In jedem Fall. Vor allem die Aussprache ist nicht einfach. Den Satzbau wiederum habe ich als relativ leicht zu lernen empfunden. Denn die chinesische Sprache denkt nicht in Zeiten, es gibt im Grunde genommen nur eine Erzählform. Im Vergleich zu anderen Sprachen muss man die Verben nicht konjugieren, das erleichtert einiges. Außerdem gibt es keine Artikel. Im Deutschen sind das beides grammatikalische Herausforderungen für Lerner, die mir jetzt erspart geblieben sind. Dafür gibt es im Chinesischen viele andere schwierige Dinge zu beachten, so einfach wie es jetzt klingt, ist das nicht.

Was gefällt Ihnen an der chinesischen Kultur?

Die Freundlichkeit, die Offenheit und die Sicherheit. Aus persönlicher Erfahrung kann ich sagen, dass man sich in China unglaublich sicher fühlt, auch als Frau.

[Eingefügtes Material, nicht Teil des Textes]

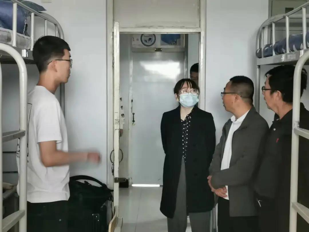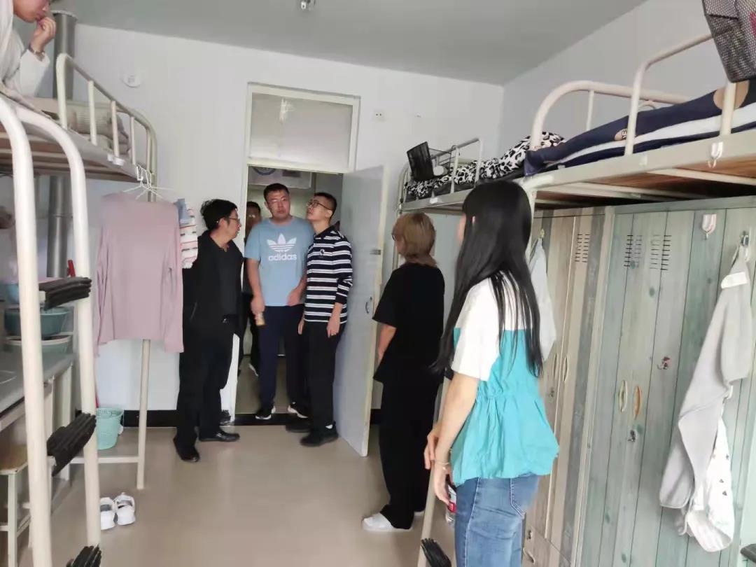 为掌握员工思想动态,更好的帮助2021级新生适应住宿的环境,加强公寓安全隐患排查力度,9月5日下午,刘利民经理,团学办公室主任贾金同老师,团总支书记张斌斌老师以及四位新生班主任共同前往新生宿舍进行实地走访。
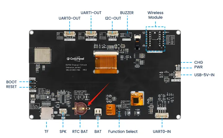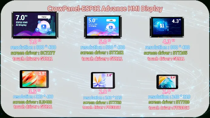 The CrowPanel-ESP32 Advance HMI Display product is divided into 6 sizes, namely 7.0 inches, 5.0 inches, 4.3 inches, 3.5 inches, 2.8 inches, and 2.4 inches.Its main control chip uses ESP32-S3 as the core of the man-machine interface.
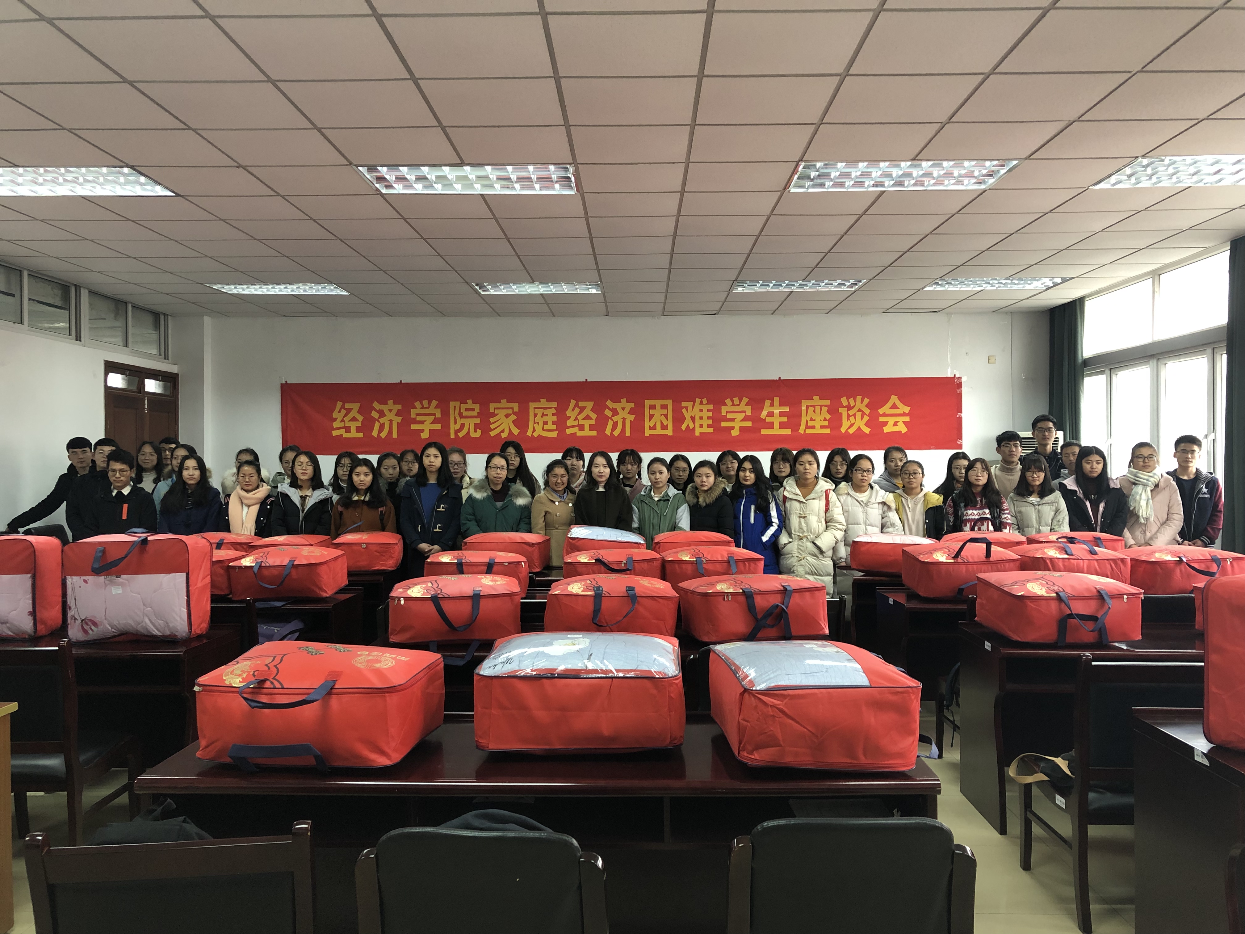 座谈会后,老师们为每一位同学发放御寒冬被,为学子们在寒冷的冬天送上一份温暖和祝福,预祝困难学生们在即将到来的期末考试中取得优异的成绩。
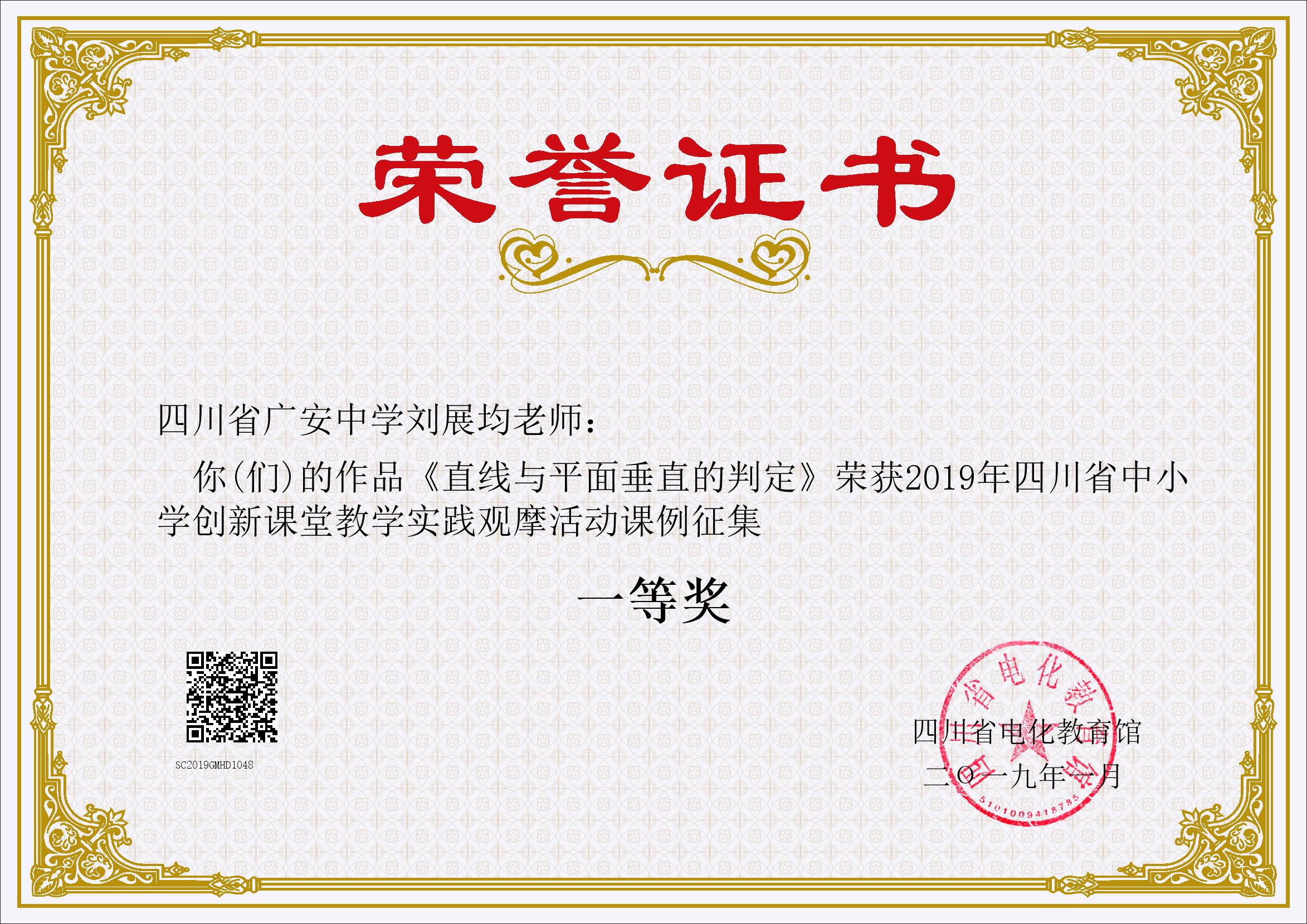 热烈祝贺刘展均老师的课例《直线与平面垂直的判定》在2019年举办的四川省中小学创新课堂教学实践观摩活动课例征集活动中荣获一等奖(川教馆[2019]3号)!
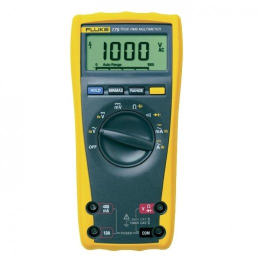 Fluke 175 - цифровой мультиметр, измеряет постоянный и переменный ток, сопротивление, емкость, частоту, постоянный и переменный ток, прозвонку цепей и параметры p-n переходов. Модель оснащена функциями измерения эффективного или среднеквадратического значения переменного напряжения и тока (True RMS), а также регистрации минимума,максимума и среднего значения.
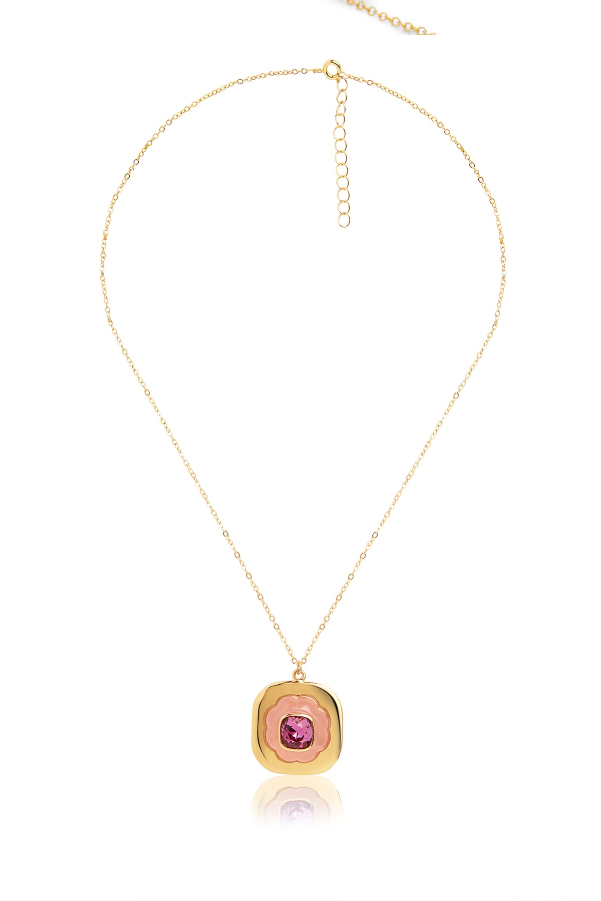 Elevate your style with our think pink pendant necklace. Made with stunning pink crystals and 18-karat gold plating, this necklace adds a touch of elegance to any outfit. The perfect accessory for any fashion-forward individual looking to make a statement.
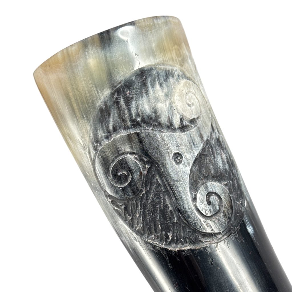 Leštěný kravský roh ošetřený zevnitř potravinářským bezbarvým lakem. Každý roh se může různě barevně lišit. Dovoz Drakkaria.

Wenn man sich nicht gerade in den dunklen Ecken bewegt, die es mit Sicherheit in jeder Großstadt gibt, kann man sich in Shanghai zu jeder Tag- und Nachtzeit frei bewegen und auch alleine ein Taxi nehmen, ohne, dass man Angst haben muss. Außerdem liebe ich das chinesische Essen. Zahlreiche teils undefinierbare Gerüche und Geräusche wirken permanent auf einen ein. Faszinierend ist auch die hohe Zahl der dort lebenden Menschen. Egal zu welcher Uhrzeit man vor die Tür geht, man hat immer eine unglaubliche Menschenmenge um sich herum.

Wie lernen Sie weiter?

Ich habe mich für den nächsten Chinesisch-Kurs am LSI im Juni bereits angemeldet. Bis dahin werde ich mich bemühen, die Inhalte des ersten Kurses zu vertiefen.